2. Une caméra entée sur l’« entre deux personnes »

« Mais comme chez Garrel on aime autant la morale que la dialectique […]. »
Philippe Azoury.

Dans Les Baisers de secours, la seconde séquence où Matthieu se trouve au café avec son père est, contrairement à ce qui se passait dans la première, filmée en plan unique [séq. 21]. Tout au long de ce plan, c’est surtout le père qui parle et, comme pour accroître l’importance de sa parole, la caméra reste la majeure partie du temps braquée sur son visage. Matthieu, quant à lui, reste un long moment cantonné dans le hors-champ, invisible. Ce n’est qu’au moment où lui-même prend la parole, pour confier à son père son impression que Lo se détache de lui depuis sa séparation d’avec Jeanne, qu’il se fait visible. La caméra le délaissera encore un instant, avant de faire une dernière fois retour sur lui et inclure son visage et celui de son père dans un même champ. Mais la séquence s’achève au moment où la caméra revient sur le visage du père, seul.
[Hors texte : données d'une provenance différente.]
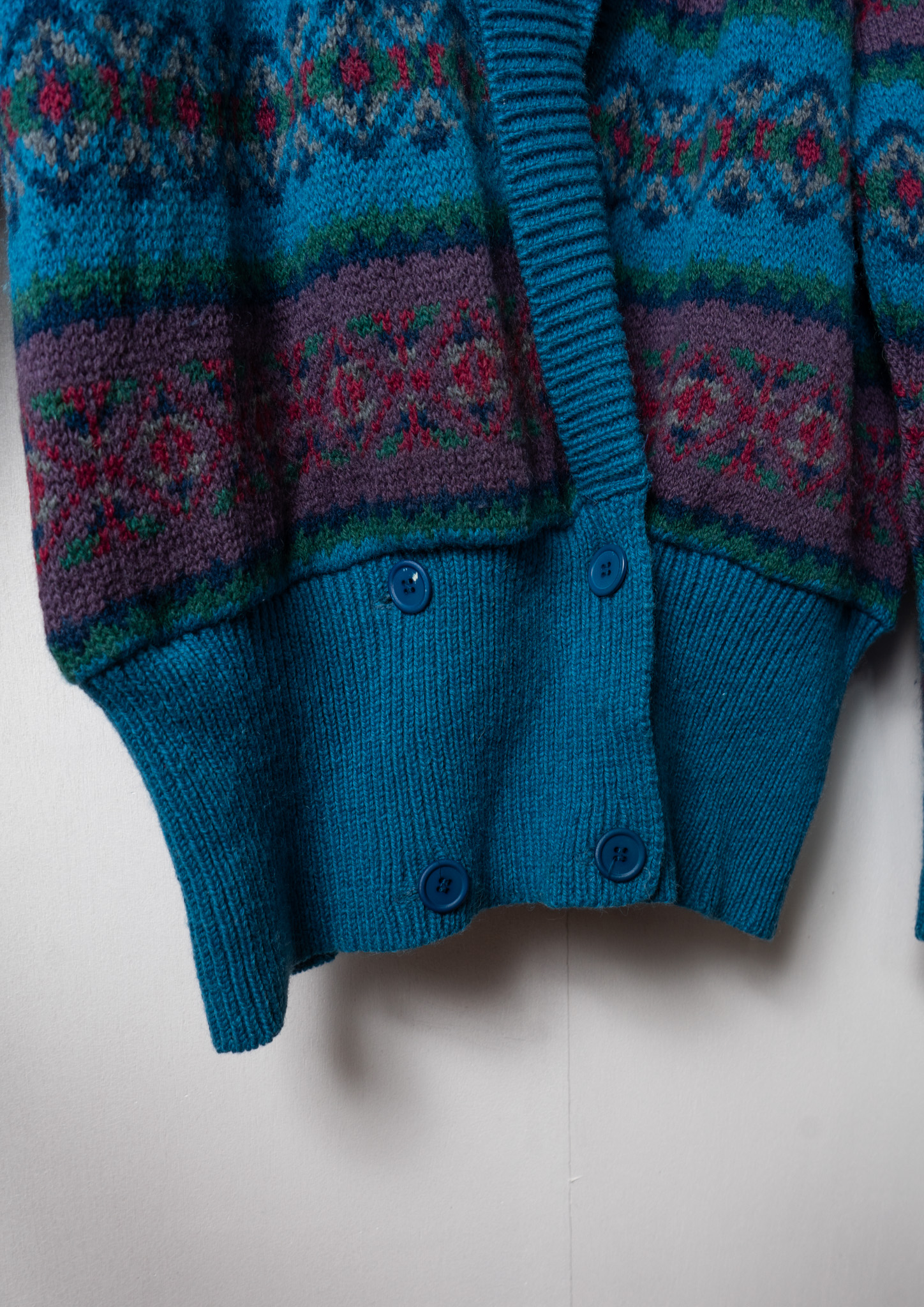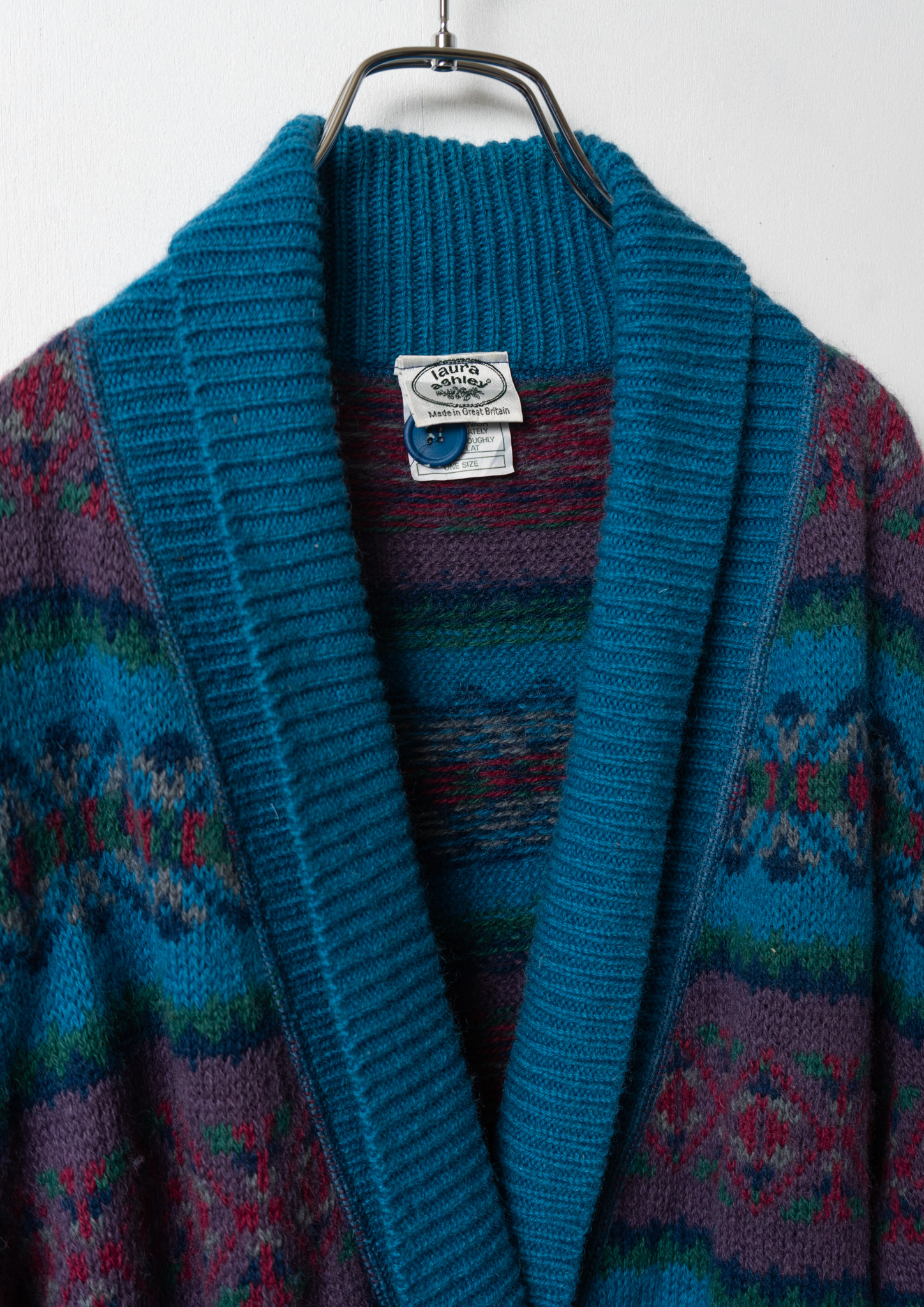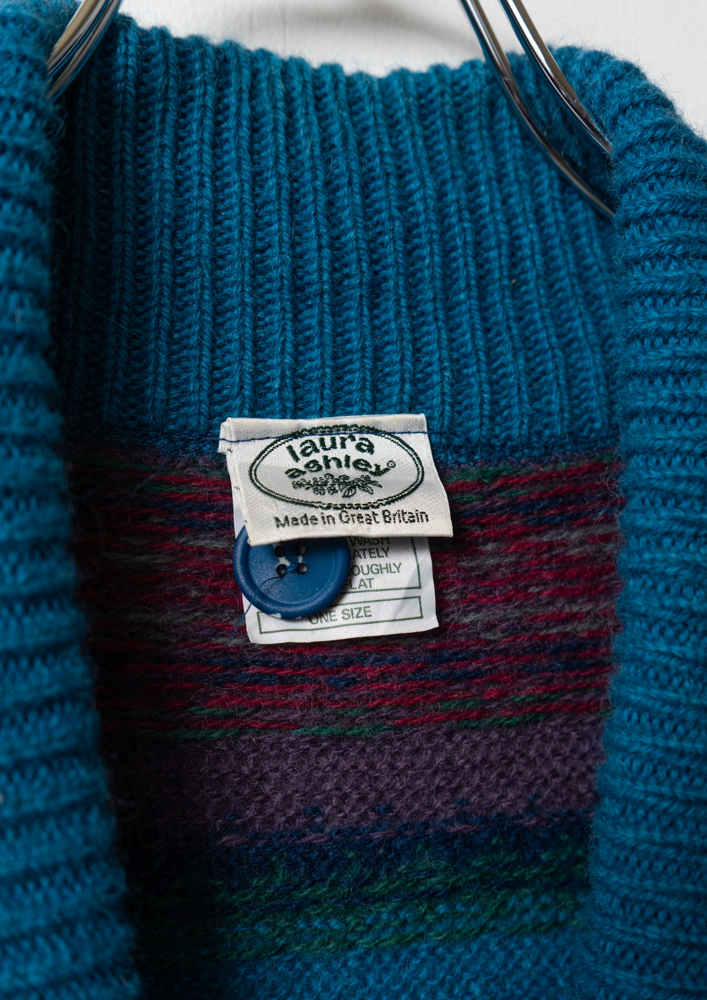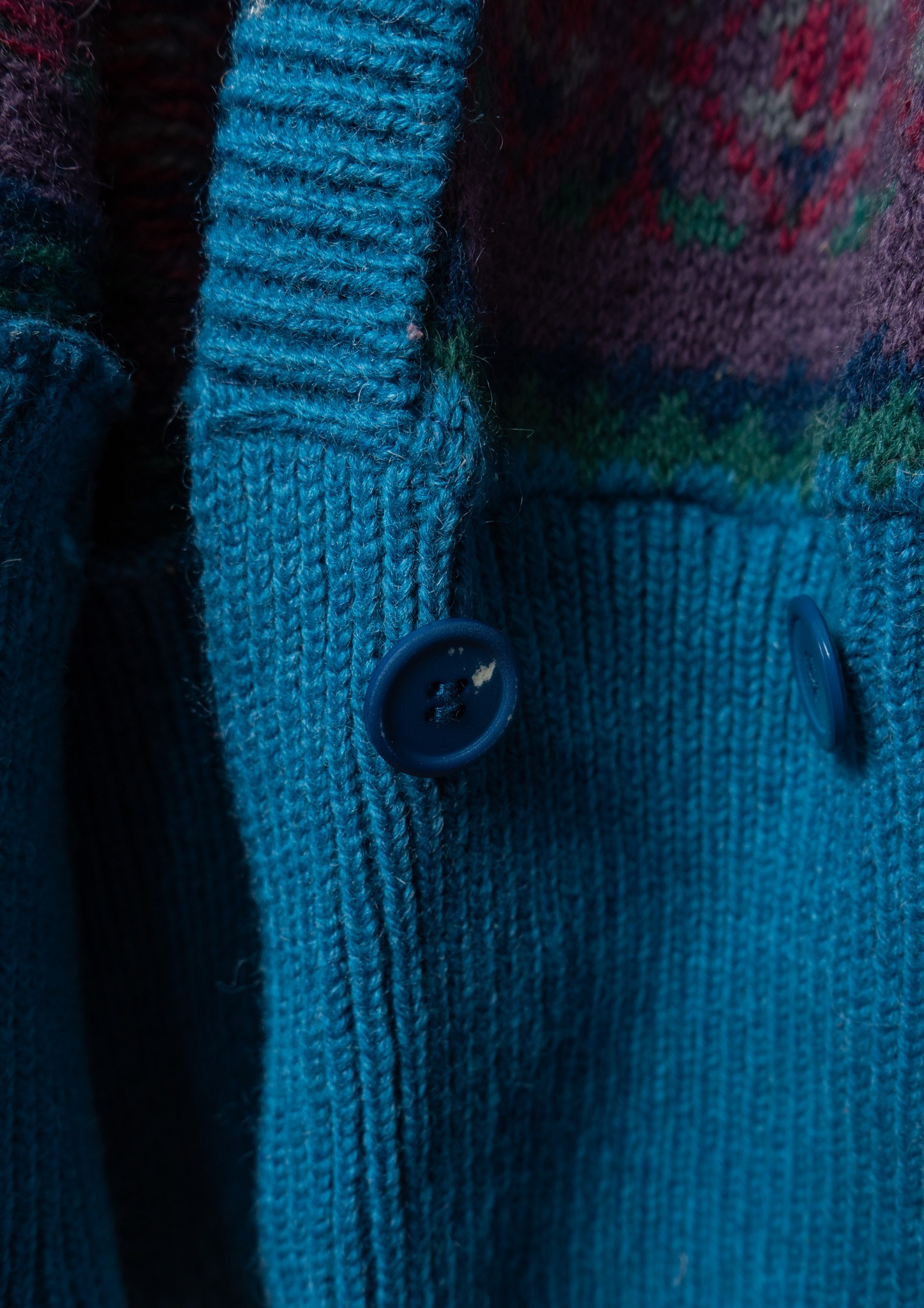 80's Laura Ashley Native Like Pattern Double Button Light Blue Knit Sweater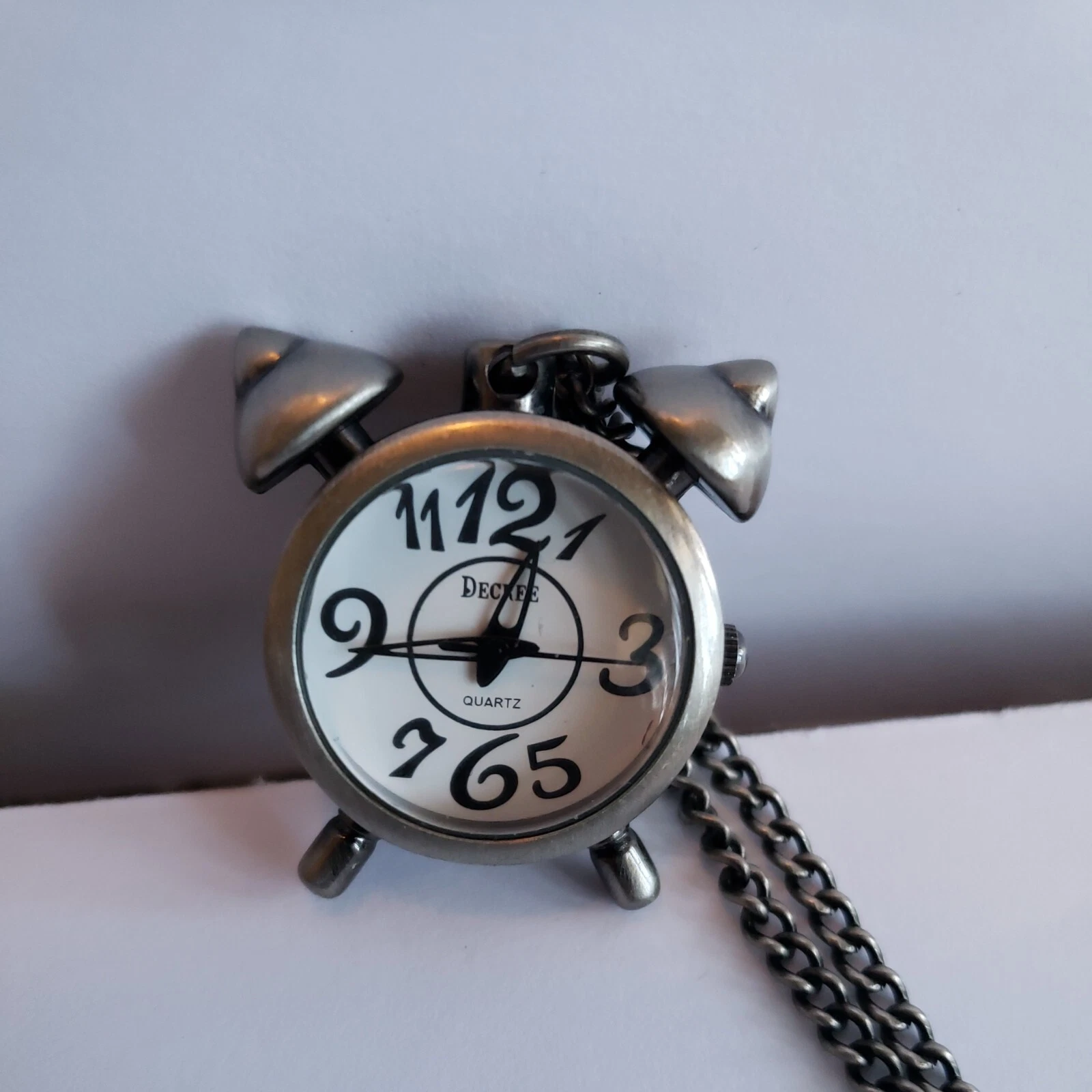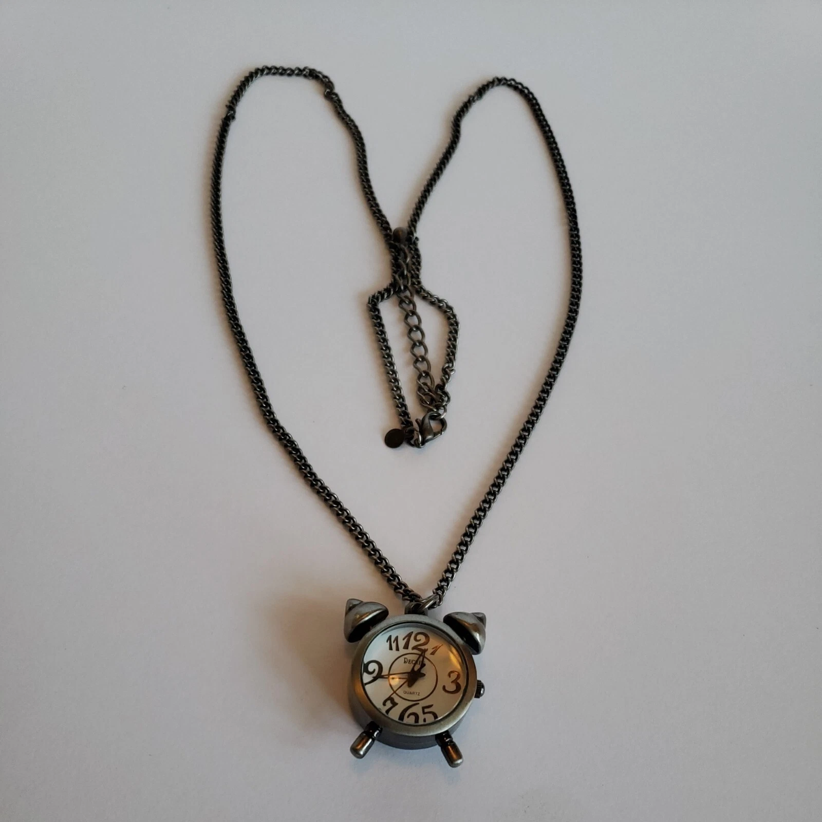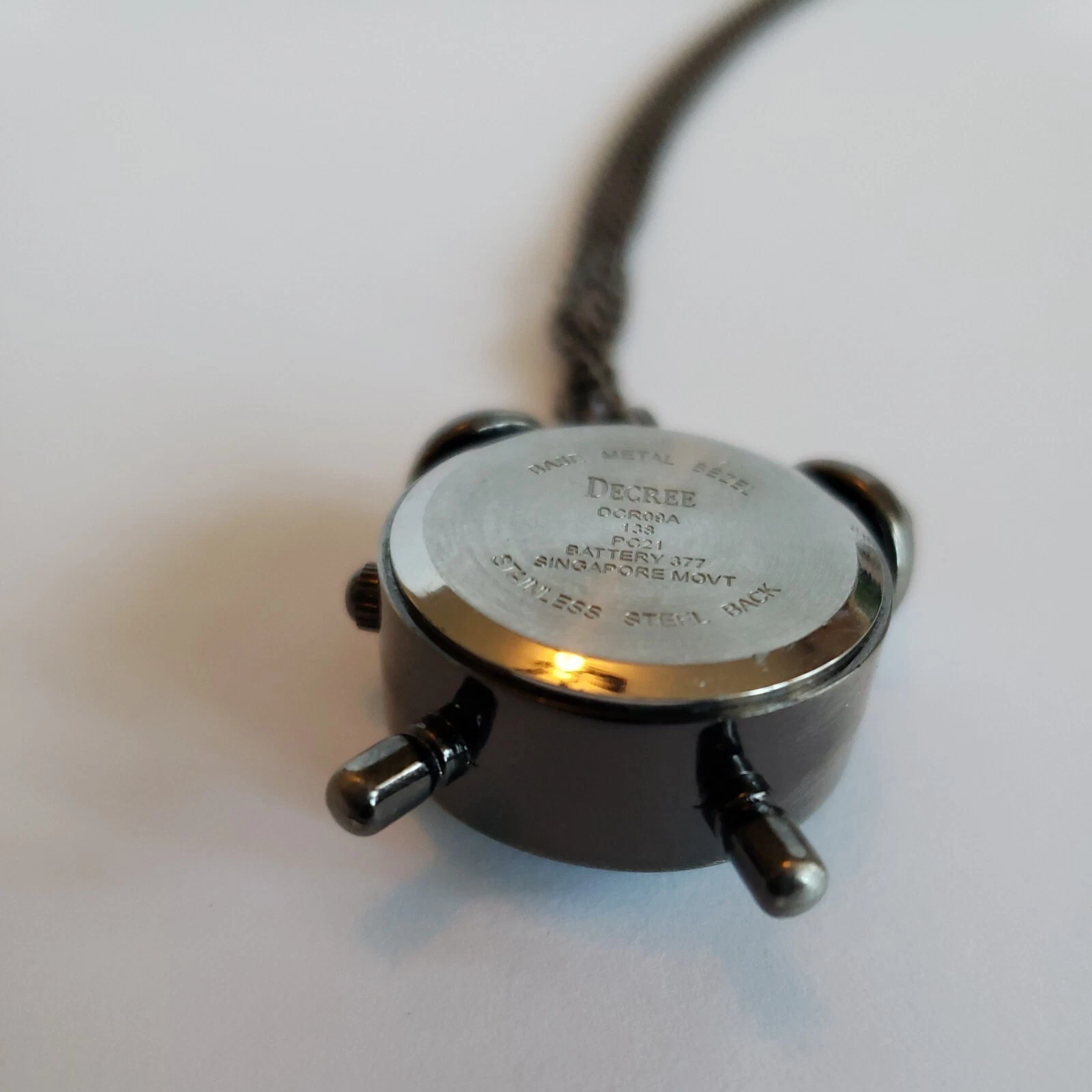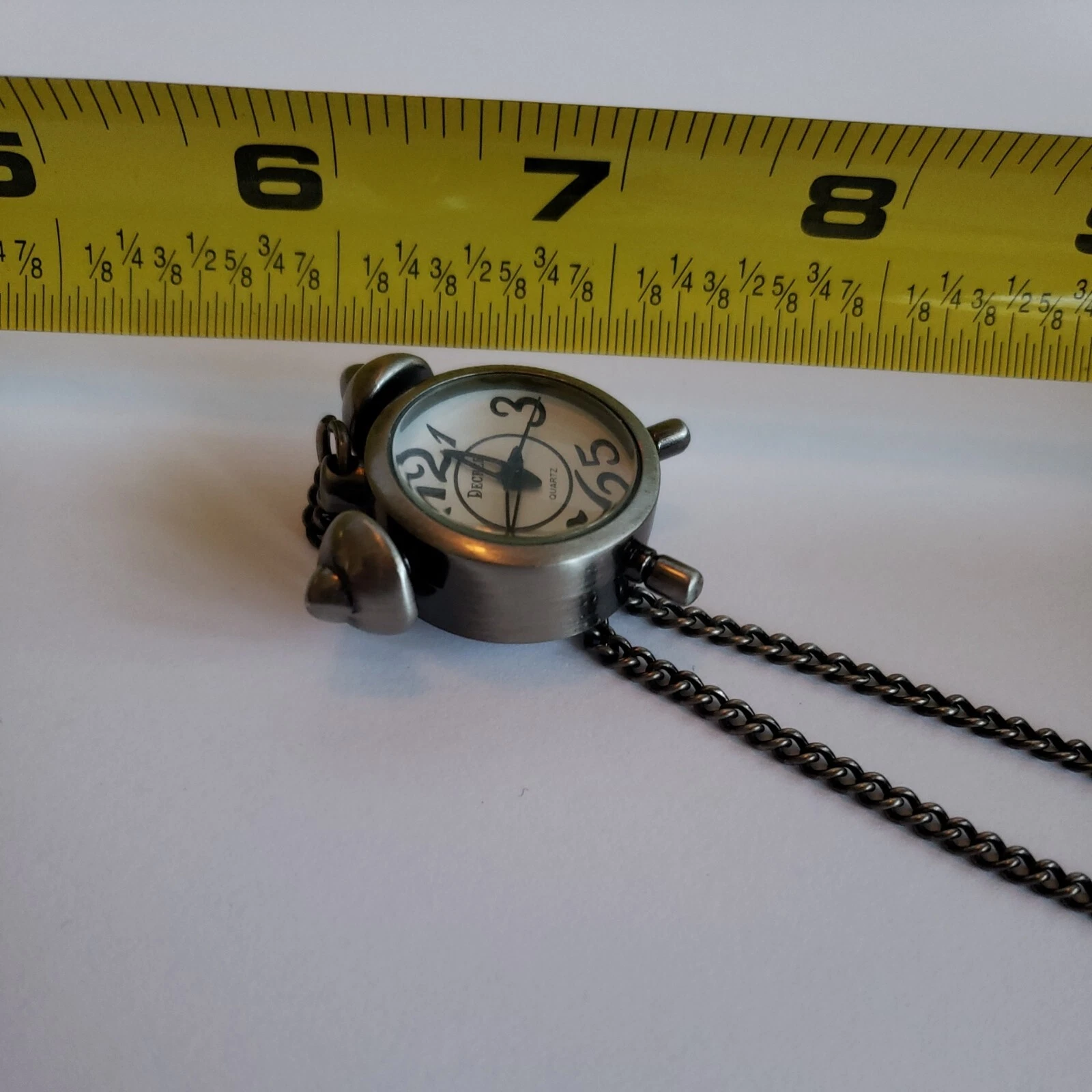 Decree Alarm Clock Shaped Necklace New Battery Quartz Pre-Owned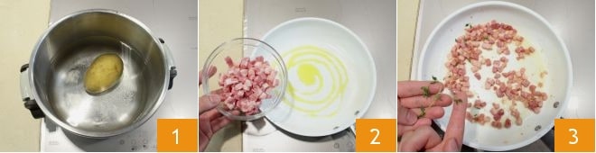 Pour préparer les muffins de pommes de terre, commencez par faire bouillir la pomme de terre dans de l'eau légèrement salée 1 ; faites-la cuire jusqu'à ce que vous puissiez la percer avec les dents d'une fourchette (cela prendra environ 30 minutes, mais vous pouvez réduire le temps de moitié en utilisant une cocotte-minute). Pendant ce temps, dans une poêle, chauffez un filet d'huile et ajoutez les dés de bacon fumé 2 ; faites-les revenir quelques minutes et assaisonnez-les avec des feuilles de thym 3.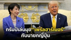 ประธานาธิบดี "โดนัลด์ ทรัมป์" ผู้นำของอเมริกา ได้เล่นมุขพาดพิงถึงการโจมตี "ท่าเรือและอ่าวเพิร์ลฮาร์เบอร์" ของญี่ปุ่นในเดือนธันวาคม ปี 1941 ระหว่างการประชุมทวิภาคี ที่ทำเนียบขาวกับนายกรัฐมนตรีญี่ปุ่น "ซานาเอะ ทากาอิจิ" ผู้นำของญี่ปุ่น เมื่อวันพฤหัสบดีที่ผ่านมา [ตามเวลาท้องถิ่น] เมื่อผู้สื่อข่าวถามว่า "ทำไมอเมริกา จึงไม่ได้แจ้งญี่ปุ่นหรือพันธมิตรอื่นล่วงหน้า ก่อนการโจมตีอิหร่าน?" ซึ่ง "โดนัลด์ ทรัม.. ดูเพิ่ม

Ce plan des Baisers de secours peut être distingué, parmi d’autres qui auraient tout aussi bien pu être convoqués, en raison de son caractère emblématique dû au minimalisme du dispositif de mise en scène. Ce plan paraît, en effet, hautement représentatif du rapport problématique qui peut s’établir entre une situation entre deux personnes et la manière de la filmer, parce que l’absence de déplacement physique des personnages (ils ne font que des mouvements) ne rend en rien « obligatoires » les mouvements de caméra. Les choix de cadrages et les panoramiques s’inscrivent donc d’emblée sur le terrain d’une « monstration à énonciation marquée » 364 , qui invite à entendre, autant que la singularité d’un regard et la présence manifestée du monstrateur, une volonté de problématisation de la situation. Ici, la relation qui s’établit entre la situation et la manière de la filmer est donc immédiatement problématique. Il va donc s’agir de tirer les principaux enjeux problématiques de cette relation. Mais de tels enjeux font nécessairement écho à ce qui se joue dans d’autres séquences entre deux personnes, parce que la structure de base de ces situations, à savoir la co-présence, se retrouve dans chacune. De ce fait, le déroulé de ces enjeux problématiques amènera à envisager d’autres séquences particulièrement représentatives de l’esthétique garrelienne dans les films de la quatrième période.

Notes
364.

André Gardies, Le Récit filmique, op. cit., p. 105.